Clegg's confident performance in three TV debates opposite Labour Prime Minister Gordon Brown and Conservative leader David Cameron thrust his third party into second place in opinion polls and electrified the race.
At the height of "Cleggmania", the 43-year-old was named the most popular British party leader since Winston Churchill and was compared to US President Barack Obama for his message of change.
It was a marked change from the past -- a BBC poll in September found 36 percent of voters had never heard of Clegg.
But it did not last, and soon after polls closed in Thursday's election it became clear the Lib Dems had made little progress and would even lose seats.
However, as the results confirmed the Conservatives won the biggest share of seats but not the majority they need to form a government, the Lib Dems have found themselves in the middle of a flurry of deal-making.
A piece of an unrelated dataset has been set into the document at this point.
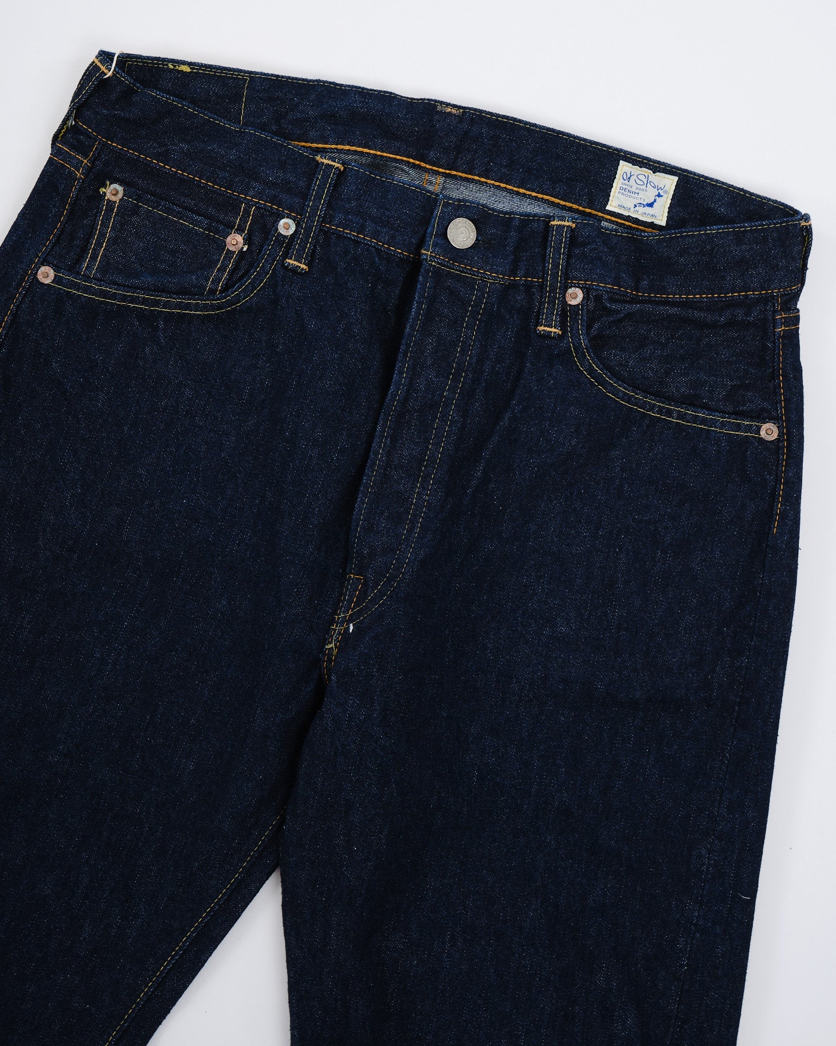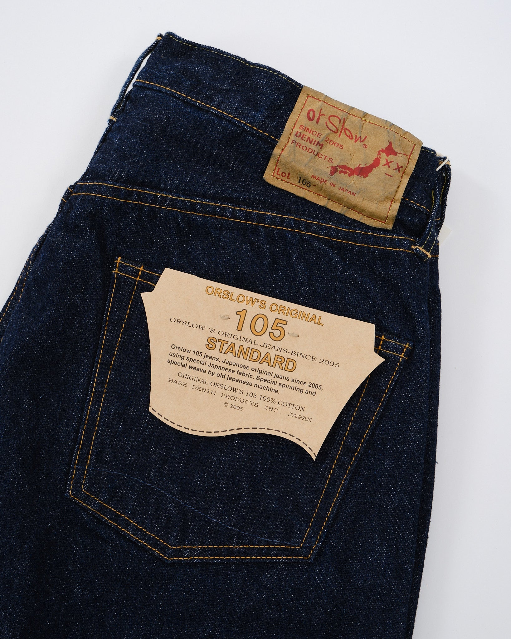Vorstellung der 105 STANDARD SELVEDGE DENIM ONE WASH, ein handgefertigtes Stück, das die Zeit überdauert. Seit 2005 wurden orSlow Jeans sorgfältig in Japan handgefertigt. Diese Jeans fangen perfekt die Essenz des Denims der Mitte des 20. Jahrhunderts ein. Sie werden aus japanischem Stoff hergestellt, um ein authentisches Aussehen und Gefühl zu erreichen. Durch den One-Wash-Prozess erhalten diese Jeans einen Indigoton, ohne dabei einzulaufen, während sie den Beindreh behalten, der Ihnen das natürliche Altern eines nicht sanforisierten Denims verleiht und einen Hauch von Vintage-Charme und Authentizität hinzufügt.

Brown's Labour Party began to court them with an eye to staying in power with their support, but Clegg said he believed the Tories should be the first to try to form a government.
Clegg was elected Lib Dem leader in December 2007, just two years after he first entered parliament as lawmaker for Sheffield Hallam in northern England, and has always been ambitious.
He made a name for himself early on with his strong defence of civil liberties and by breaking a parliamentary taboo by openly criticising the war in Afghanistan.
His fervent support of the European Union and the euro and his international background has singled him out among British politicians, but his privileged past has also drawn comparisons with the Eton-educated Cameron.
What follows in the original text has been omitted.